O ciberespaço é um recurso global, cujo controlo dificilmente pode ser reclamado por um Estado. No ciberespaço existem dificuldades acrescidas de regulação por causa da facilidade de recurso ao anonimato e dos problemas de jurisdição e extraterritorialidade das condutas susceptíveis de lesar direitos fundamentais.

A privacidade acabou mesmo? Ou está nas mãos de quem não sabemos, para fins que desconhecemos?
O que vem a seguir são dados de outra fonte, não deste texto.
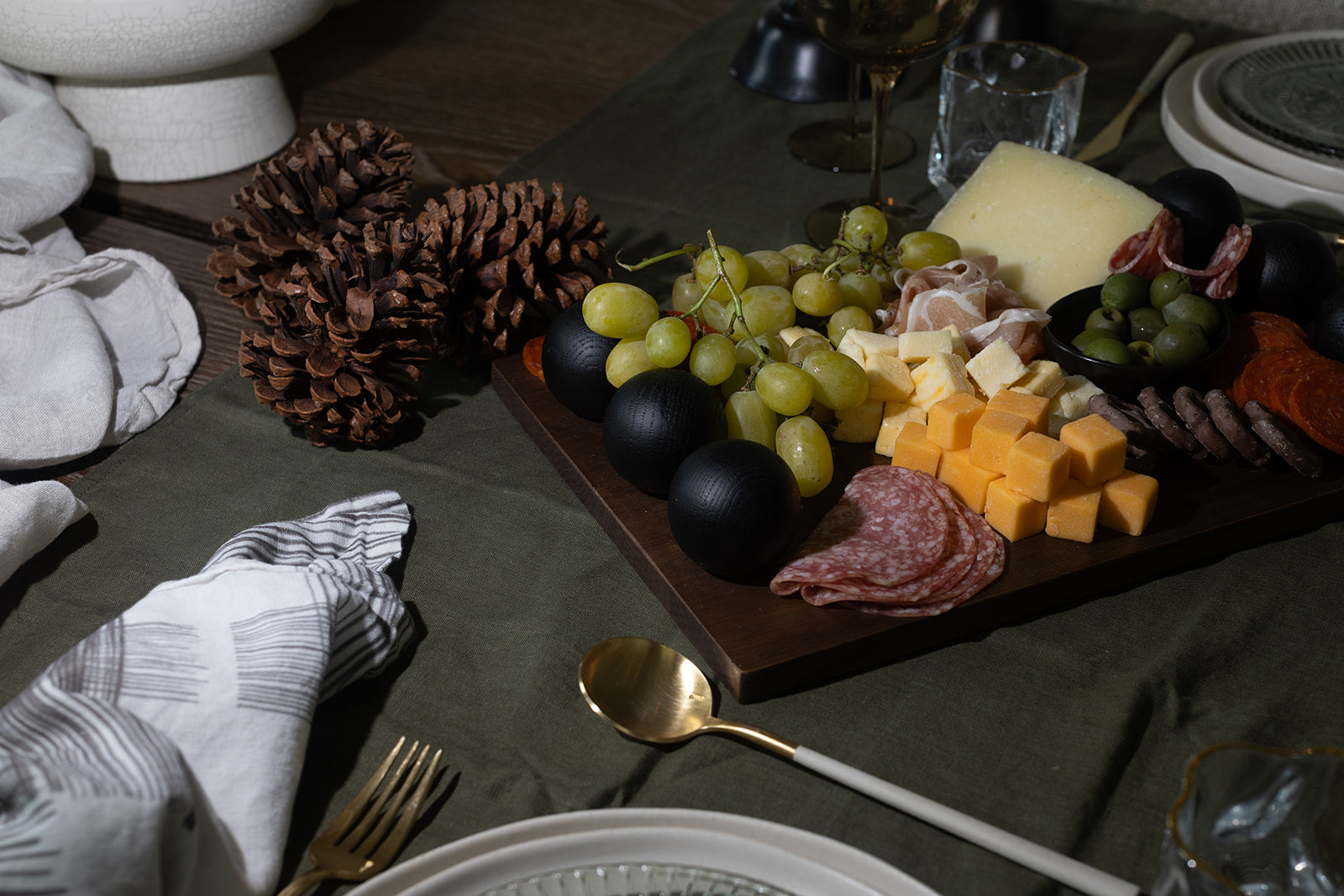 Our signature statement spheres atop a wooden board. Use it to serve cheese or drinks, put it under a vase, on top of a stack of books or turn it over for a little lift.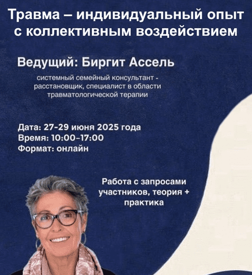 Впервые на русском языке! Международный семинар по работе с травмой и методу IoPT от Биргит Ассель, системного расстановщика, специалиста в травматологической терапии и коллеги Франца Рупперта. Уникальная возможность для русскоязычного пространства!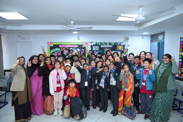 On 27 January 2026, the air was thick with the rhythmic pulse of dhol beats as we welcomed our sister school, Dong Xing Elementary School, Taiwan, with the vibrant warmth of Indian tradition. Adorned in Jaipuri stoles and Rudraksh malas, our guests were embraced with the sacred Tilak and Moli, marking the start of a profound cultural immersion.
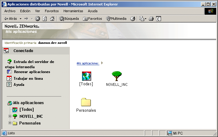 Carpeta Personal: ofrece una ubicación en la que el usuario puede crear carpetas personales para organizar las aplicaciones. Es una función controlada por el administrador. Por defecto, está inhabilitada, lo que significa que la carpeta no aparece. Para obtener información acerca de cómo habilitar las carpetas personales, consulte la Sección 21.3, Configuración de ajustes de Usuario.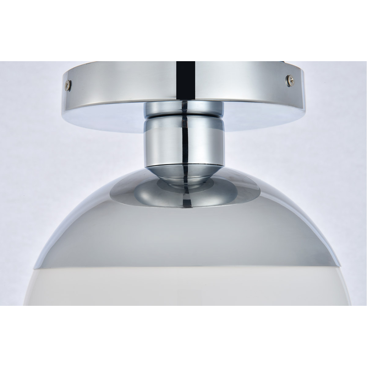 Refined style with a practical design, Eclipse flush mount bring cosmopolitan sophistication anywhere, especially to an entryway, office, bathroom, bedroom, or kitchen. The smooth iron frame features a disk-shaped canopy and comes in a chrome finish. A touch of color on top of the frosted white spherical glass shade brings character to this classic style. Living in the big city has never been this easy.
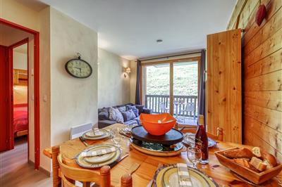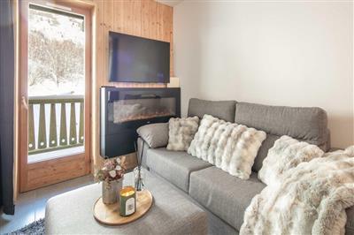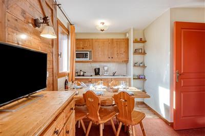 4,0"Les Chalets du Galibier", 2-Zimmer-Wohnung 40 m2. Objekt geeignet für 5 Erwachsene. Gemütlich und mit viel Holz eingerichtet: Wohn-/Schlafzimmer mit 2 Schlafmöglichkeiten und TV. 1 Zimmer mit 2 Betten. Kabine mit 1 x 2 Etagenbetten. Kochnische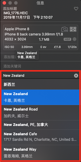 1、由于一部分照片是以前用老式相机或老式手机拍摄的,照片不包含位置信息,因此我想手动添加位置信息。但是,当我在照片app中输入位置时,对于国外的地址它不予识别,也不接受。例如,我输入“新西兰”,它自动弹出的全部是中国境内的相关词地址,即便我强行输入我的地址(包括用英文尝试),回车后也是空白。请问如何才能输入国外地址?

Quando se fala em privacidade, normalmente podemos referir-nos a duas dimensões diferentes: uma é a privacidade no sentido de evitar ingerências do Estado na reserva da vida privada, através, por exemplo da garantia do sigilo das comunicações, outra diz respeito ao controlo que cada indivíduo tem ou pode ter sobre os seus dados pessoais. Diz-se que os negócios gerados em torno dos dados pessoais são o novo petróleo… Não sei se a privacidade acabou mesmo, espero que não. O que sei é que temos de caminhar, gradualmente, para uma situação em que cada pessoa tenha a plena consciência da sua pegada digital e formas de garantir o direito à sua autodeterminação. O direito à autodeterminação informacional (e as suas formas concretas de protecção, mesmo normativas) constitui um desafio em constante construção. A aplicação plena, no nosso Direito, do novo Regulamento Geral de Protecção de Dados, também a partir de Maio, acompanhado da lei nacional que o vem concretizar (e que ainda desconhecemos) será um ponto importante de resposta à sua questão. Outra perspectiva é a do direito à privacidade perante formas cada vez mais intrusivas das novas tecnologias, ao serviço dos Estados em nome da segurança e da perseguição penal. Neste ponto, acho que corremos o risco de ressuscitar o controverso e inaceitável “direito penal do inimigo” [conceito segundo o qual algumas pessoas, por serem consideradas inimigas da sociedade (ou do Estado), não detêm todas as protecções penais e processuais penais que são dadas aos demais indivíduos].